TripAdvisor had become a tech giant, but its leadership did not quite realise that yet. The year it went public was the final year that TripAdvisor published its annual lists of the “Top 10 Dirtiest Hotels” in the US and Europe. A couple of months before the IPO, Kenneth Seaton, owner of what had been voted “America’s dirtiest hotel” (the Grand Resort Hotel & Convention Center, in Pigeon Forge, Tennessee), filed a lawsuit against TripAdvisor for defamation, claiming $10m in damages. The suit was tossed out in 2012, after the judge ruled that any review posted to TripAdvisor is an opinion and therefore protected under the first amendment. Seaton appealed, but the original verdict was upheld on the grounds that the use of the word “dirtiest” could not count as defamation as it was no more than “rhetorical hyperbole”. TripAdvisor won the legal battle, but it still decided to scrub the “dirtiest” list from its site. “We want to stay more on the positive side,” Kaufer told the New York Times.

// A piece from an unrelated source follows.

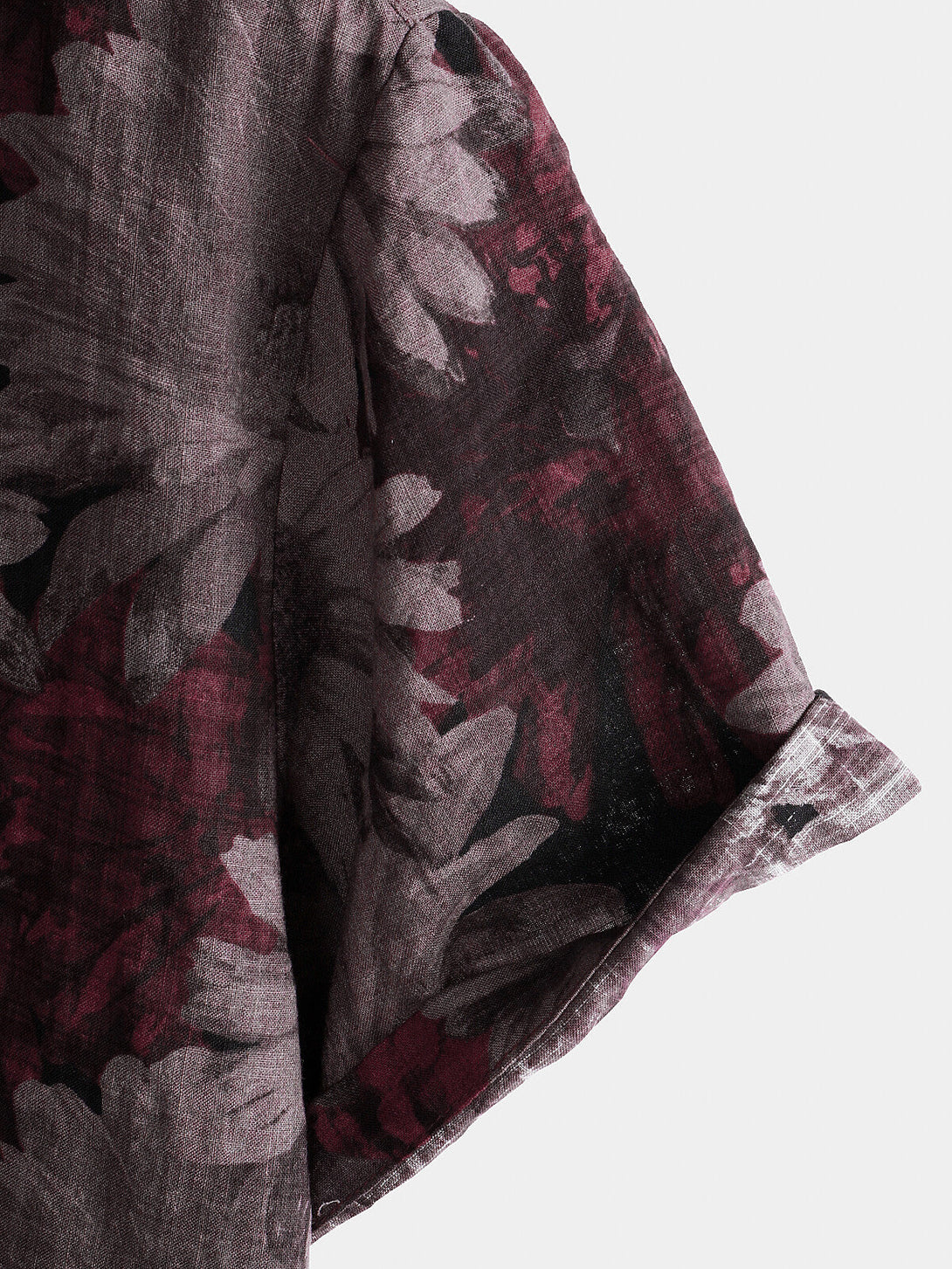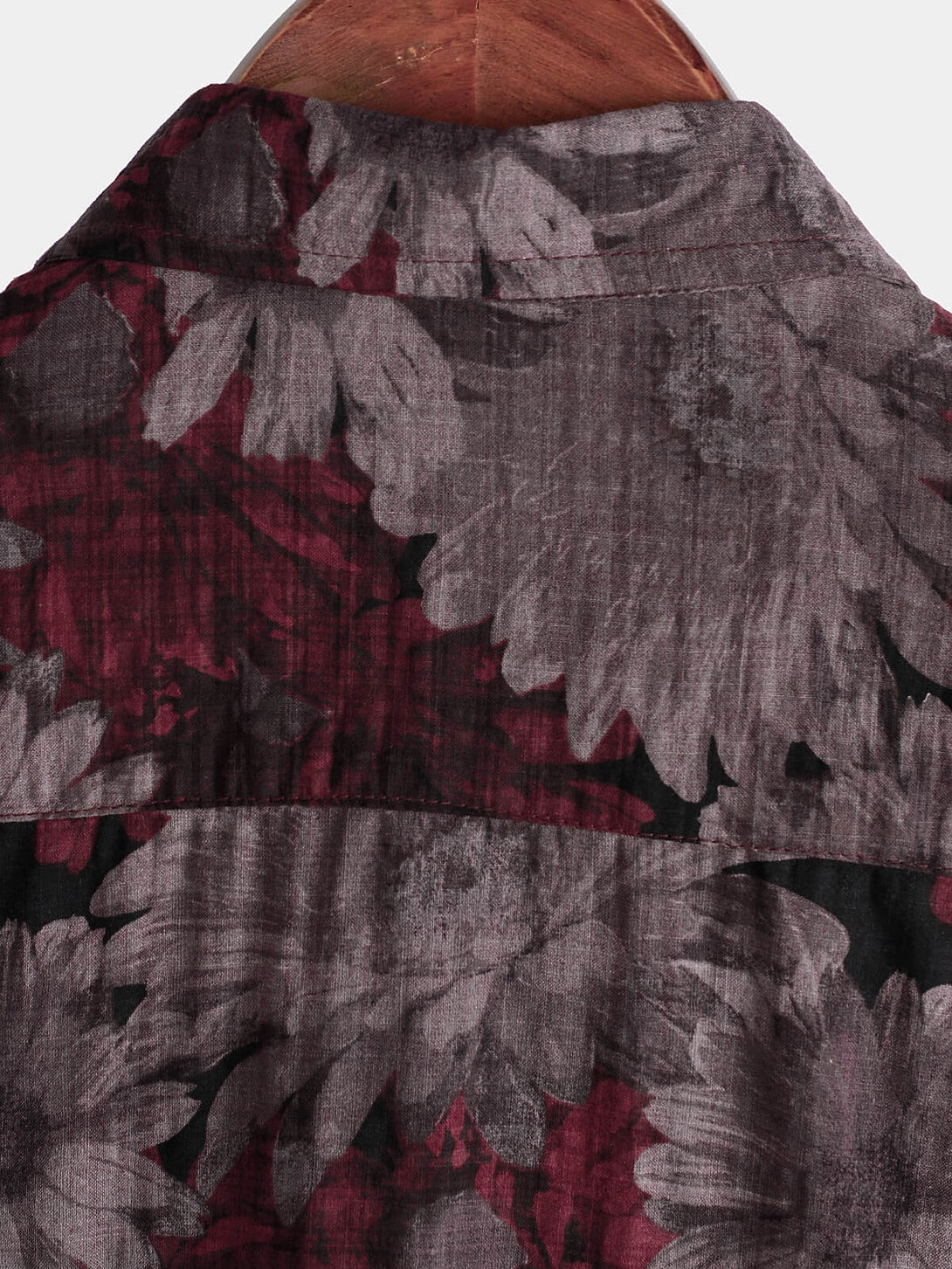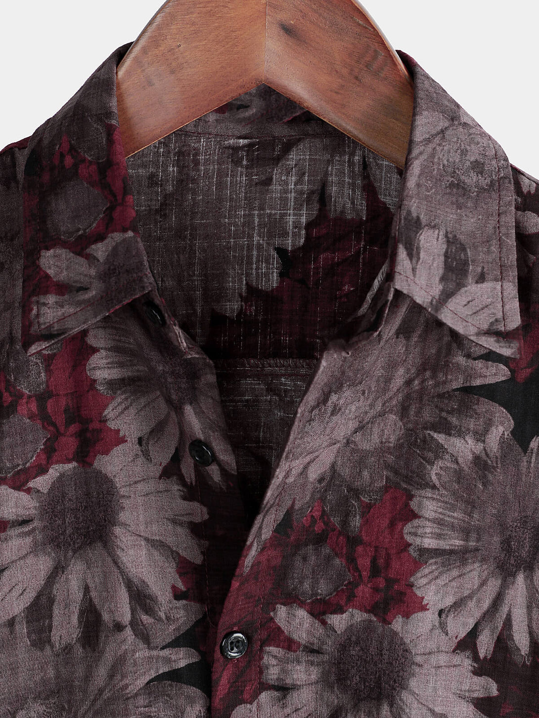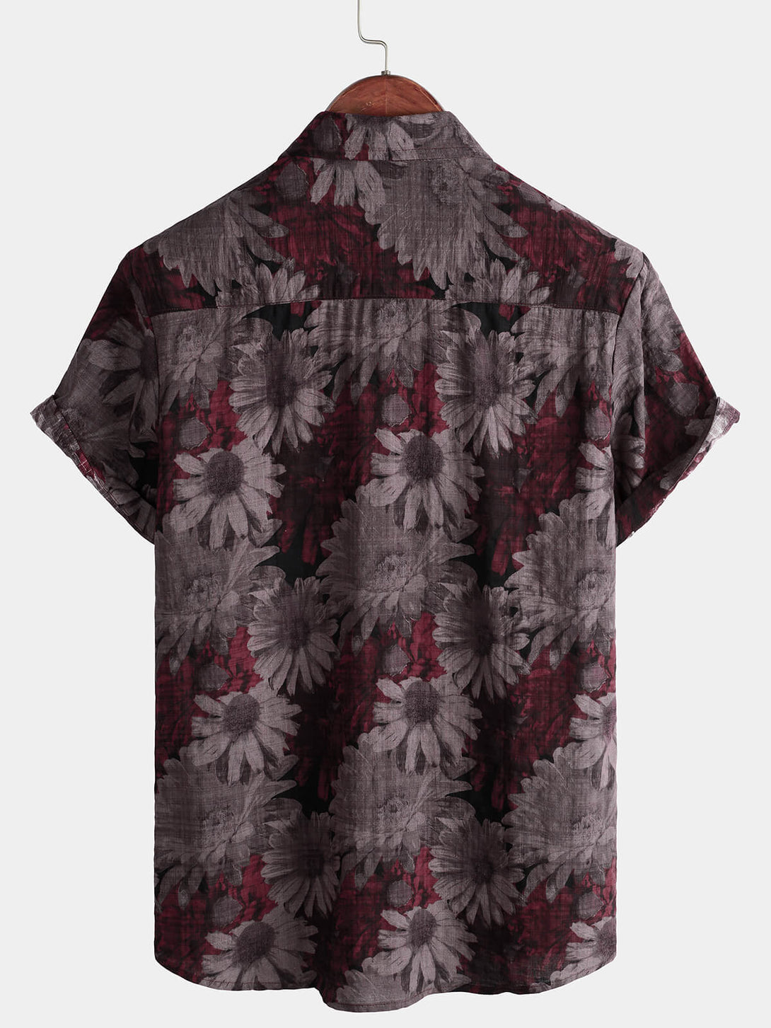 Men's Retro Style Short Sleeve Shirt With Floral And Daisy Pattern In Vintage 70S Style

In 2012, the media behemoth Liberty Interactive purchased $300m in TripAdvisor shares. TripAdvisor had become an established giant of the travel industry, an inevitable part of even the most cursory vacation planning. As the company sought to clean up its public profile, its audience grew, but so did the pressure to turn a profit. “When [platforms] start to commercialise, it changes the DNA,” says Rachel Botsman, a lecturer at Oxford University’s Saïd Business School who has chronicled the rise of the reputation economy. “When that happens, it’s a problem.” Many of the website’s most loyal users feel most aggrieved by the way the site has changed.